Methods: Well-established IP programmes currently exist in Germany for the lumbar spine and knee joints. These were developed and evaluated by three accident insurance institutions (UVT). However, the introduction of new national occupational diseases such as OD 2117 (rotator cuff lesion) and OD 2116 (hip osteoarthritis due to manual handling of loads), and the removal of the cessation requirement, highlight the need for additional IP programmes. Consequently, an umbrella review was initiated by the German Social accident insurance (DGUV) to identify and assess the effectiveness of existing international IP programmes or evidence-based modules for shoulder and hip conditions. Additionally, a survey of the UVTs was conducted in 2024 to identify key areas for further development.

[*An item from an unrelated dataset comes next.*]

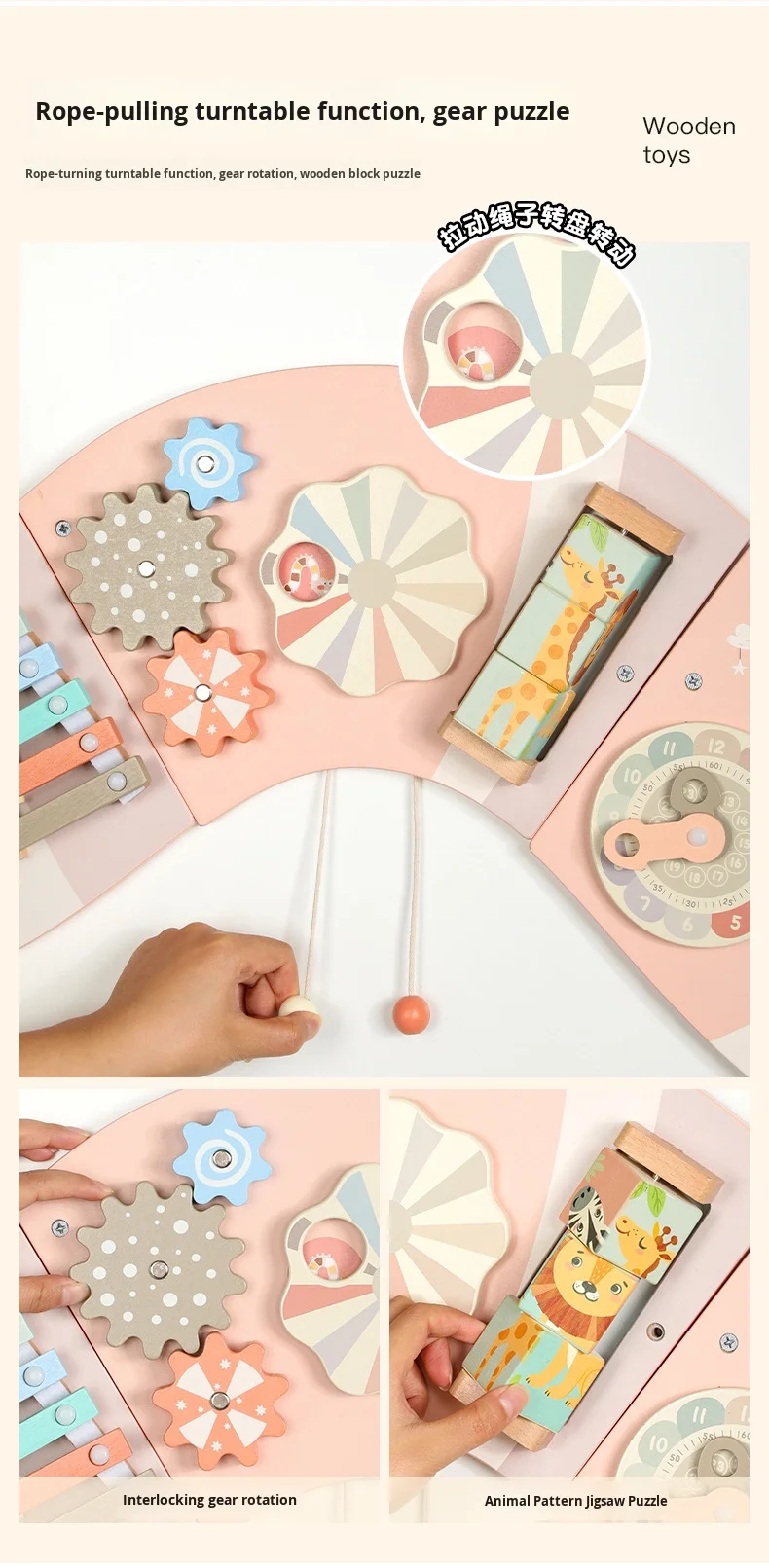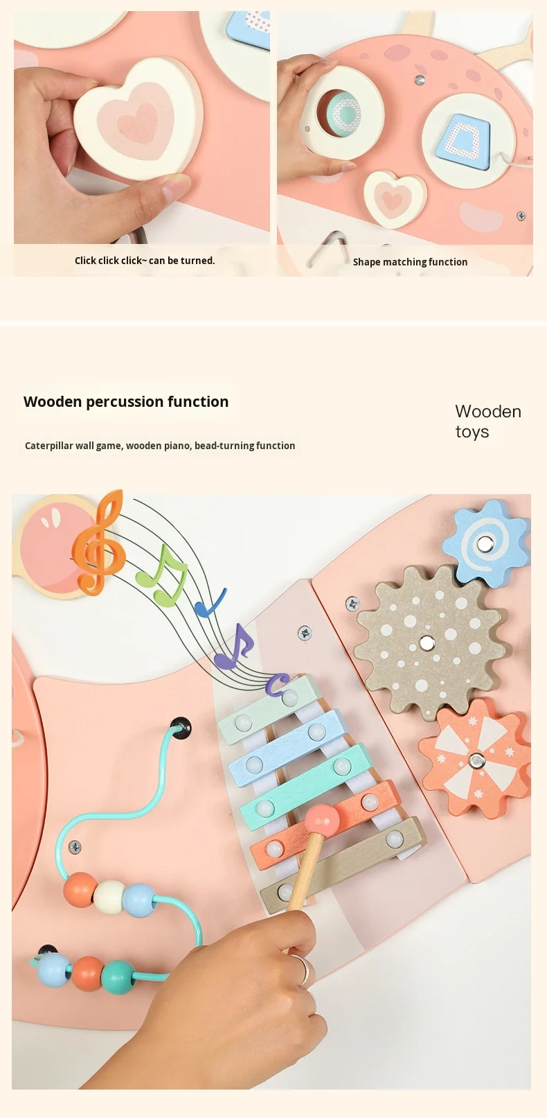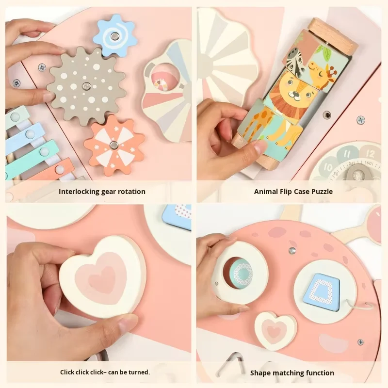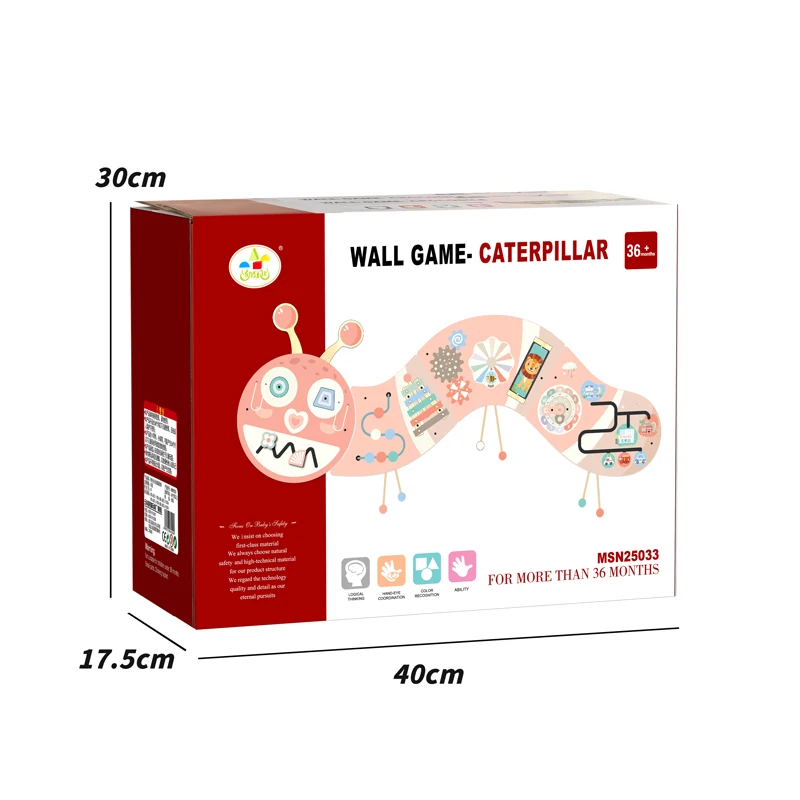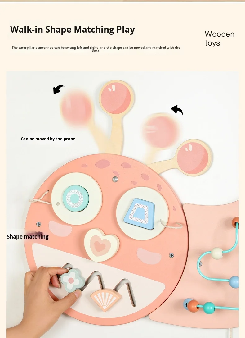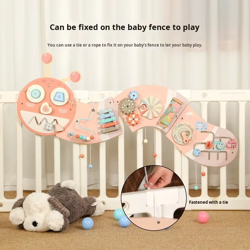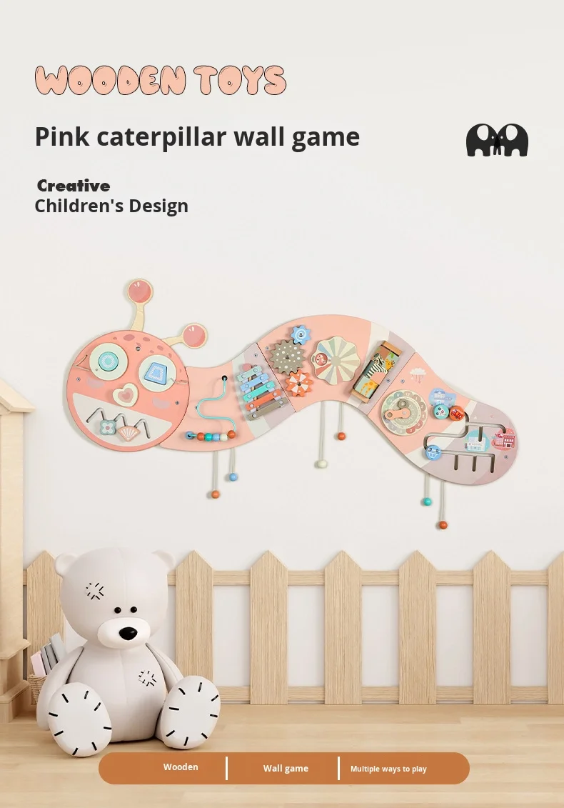 Ružičasta gusjenica zidna igra zidni paneli igranje Montessori senzorna ploča Drvena obrazovna igračka za male djece igraonica i vrtić

Results: The national IP programmes have a modular structure, beginning with a (partially) inpatient core phase and continuing with follow-up interventions. Consisting of ten standardised components, the programmes include sports therapy, physiotherapy, ergonomics, and psychological training. The modular structure is defined in the DGUV guideline IP MSE (IFA report 5/2023), which aims to ensure consistent programme development and transparent access. Access to IP programmes is available through multiple pathways, including following the recognition of an occupational disease or during occupational medical health examinations. Evaluations of the national IP programmes for the knee and lumbar spine show significant short-term improvements in pain symptoms, functional capacity, and work-related behaviour after the inpatient phase. Long-term benefits are observed when follow-up measures such as sports training are consistently maintained. Preliminary findings from the umbrella review indicate that international IP programmes using multimodal approaches are generally effective. Sports therapy, physiotherapy, and manual therapy demonstrate positive outcomes, whereas purely physical modalities appear to be less effective. However, the methodological quality of the studies is often limited. The 2024 UVT survey identified areas in need of further development, such as expanding the ergonomics module to address a wider range of occupational groups and exposure types and creating outpatient programme formats.

Conclusion: The evidence-based, modular DGUV’s IP approach provides a robust framework to reduce occupational diseases. In the future, this approach must adapt to scientific evidence, changing demands and new requirements to remain effective to support employees’ long-term health.